> [Records for the exercise]
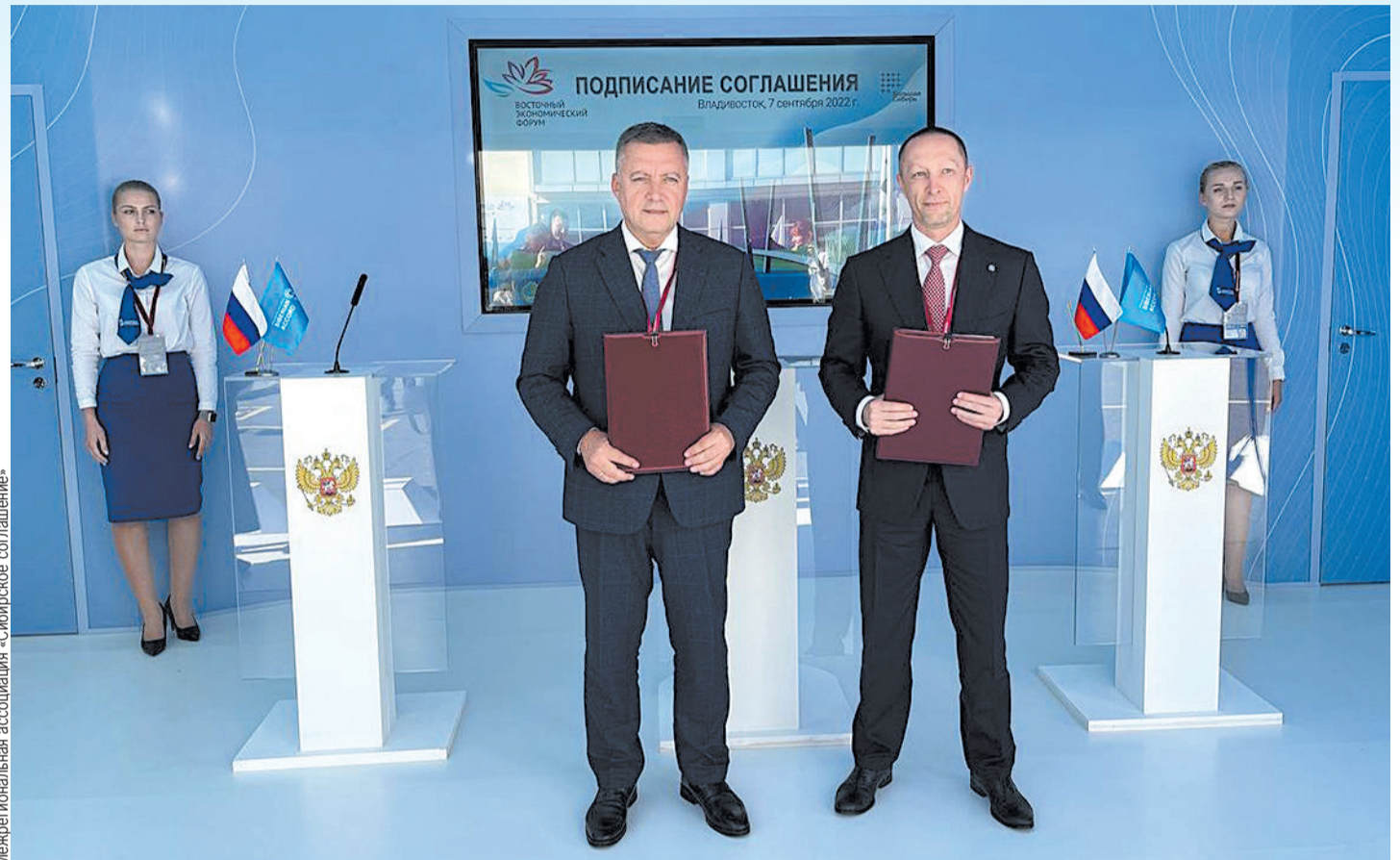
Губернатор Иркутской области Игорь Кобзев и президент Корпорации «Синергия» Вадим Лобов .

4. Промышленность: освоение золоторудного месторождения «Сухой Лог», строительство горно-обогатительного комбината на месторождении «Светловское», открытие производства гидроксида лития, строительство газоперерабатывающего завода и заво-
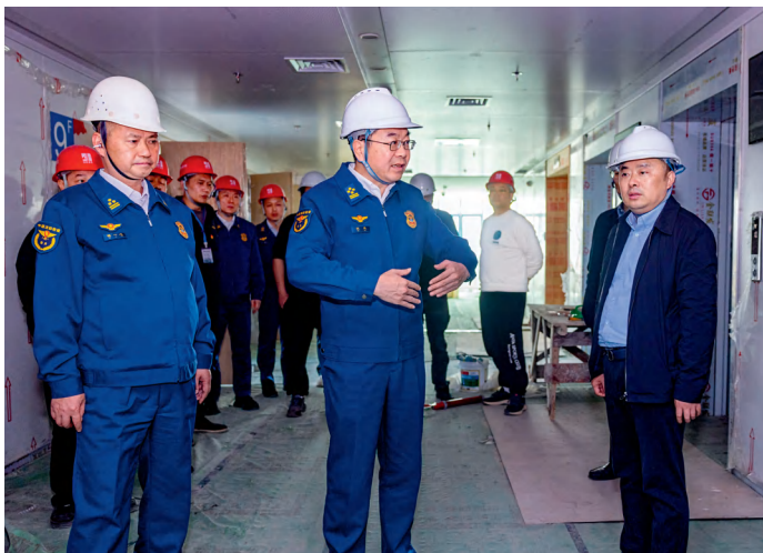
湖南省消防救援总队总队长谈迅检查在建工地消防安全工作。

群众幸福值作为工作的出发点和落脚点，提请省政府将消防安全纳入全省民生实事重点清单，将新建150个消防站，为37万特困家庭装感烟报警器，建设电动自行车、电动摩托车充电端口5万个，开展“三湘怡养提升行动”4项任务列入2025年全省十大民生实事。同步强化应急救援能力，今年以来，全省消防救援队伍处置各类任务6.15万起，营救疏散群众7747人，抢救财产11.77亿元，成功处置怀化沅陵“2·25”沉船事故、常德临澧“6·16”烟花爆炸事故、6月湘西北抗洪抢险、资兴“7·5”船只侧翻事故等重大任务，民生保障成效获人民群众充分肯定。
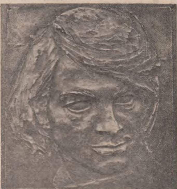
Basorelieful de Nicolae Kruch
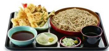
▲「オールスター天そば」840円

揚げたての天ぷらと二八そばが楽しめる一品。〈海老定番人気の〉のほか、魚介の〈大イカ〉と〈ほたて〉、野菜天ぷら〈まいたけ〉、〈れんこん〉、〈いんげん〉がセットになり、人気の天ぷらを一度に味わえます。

* * *

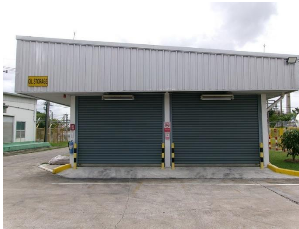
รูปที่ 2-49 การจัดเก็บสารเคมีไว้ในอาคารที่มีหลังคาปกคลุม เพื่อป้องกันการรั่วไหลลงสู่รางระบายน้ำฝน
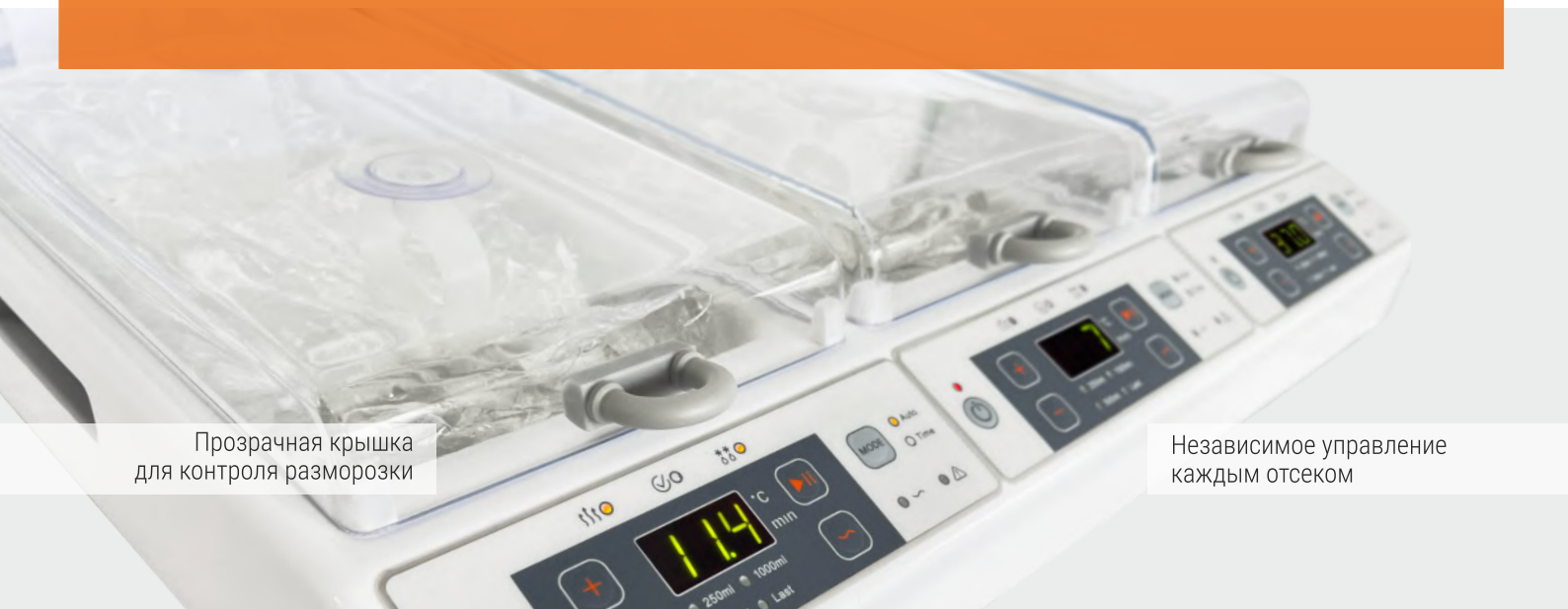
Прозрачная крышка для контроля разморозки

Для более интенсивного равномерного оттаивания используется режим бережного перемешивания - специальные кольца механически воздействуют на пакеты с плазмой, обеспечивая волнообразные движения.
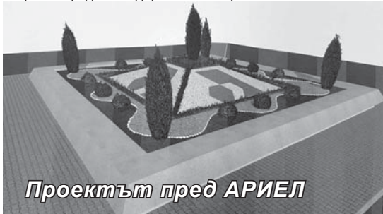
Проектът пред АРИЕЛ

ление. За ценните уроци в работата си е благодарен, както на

---

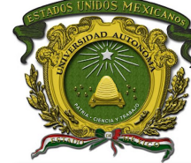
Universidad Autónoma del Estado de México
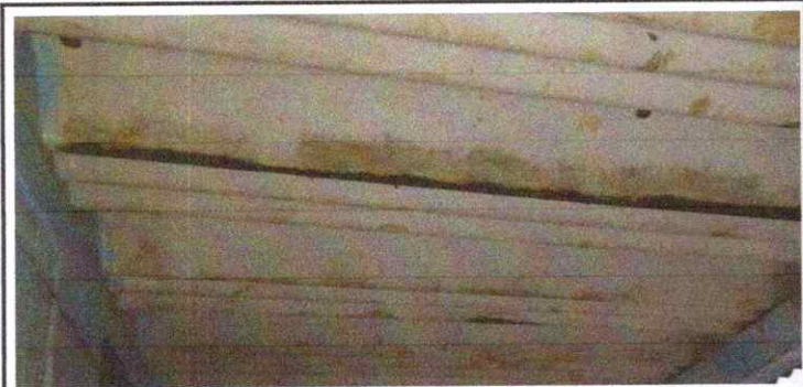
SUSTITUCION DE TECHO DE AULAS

> [Aim of the task]
Output exactly the lines of the listing above that start with the one holding "群众幸福值作为工作的出发点和" and go on through the one holding "揚げたての天ぷらと二八そばが"; leave the pictures out.

> [Your solution]
群众幸福值作为工作的出发点和落脚点，提请省政府将消防安全纳入全省民生实事重点清单，将新建150个消防站，为37万特困家庭装感烟报警器，建设电动自行车、电动摩托车充电端口5万个，开展“三湘怡养提升行动”4项任务列入2025年全省十大民生实事。同步强化应急救援能力，今年以来，全省消防救援队伍处置各类任务6.15万起，营救疏散群众7747人，抢救财产11.77亿元，成功处置怀化沅陵“2·25”沉船事故、常德临澧“6·16”烟花爆炸事故、6月湘西北抗洪抢险、资兴“7·5”船只侧翻事故等重大任务，民生保障成效获人民群众充分肯定。
Basorelieful de Nicolae Kruch
▲「オールスター天そば」840円

揚げたての天ぷらと二八そばが楽しめる一品。〈海老定番人気の〉のほか、魚介の〈大イカ〉と〈ほたて〉、野菜天ぷら〈まいたけ〉、〈れんこん〉、〈いんげん〉がセットになり、人気の天ぷらを一度に味わえます。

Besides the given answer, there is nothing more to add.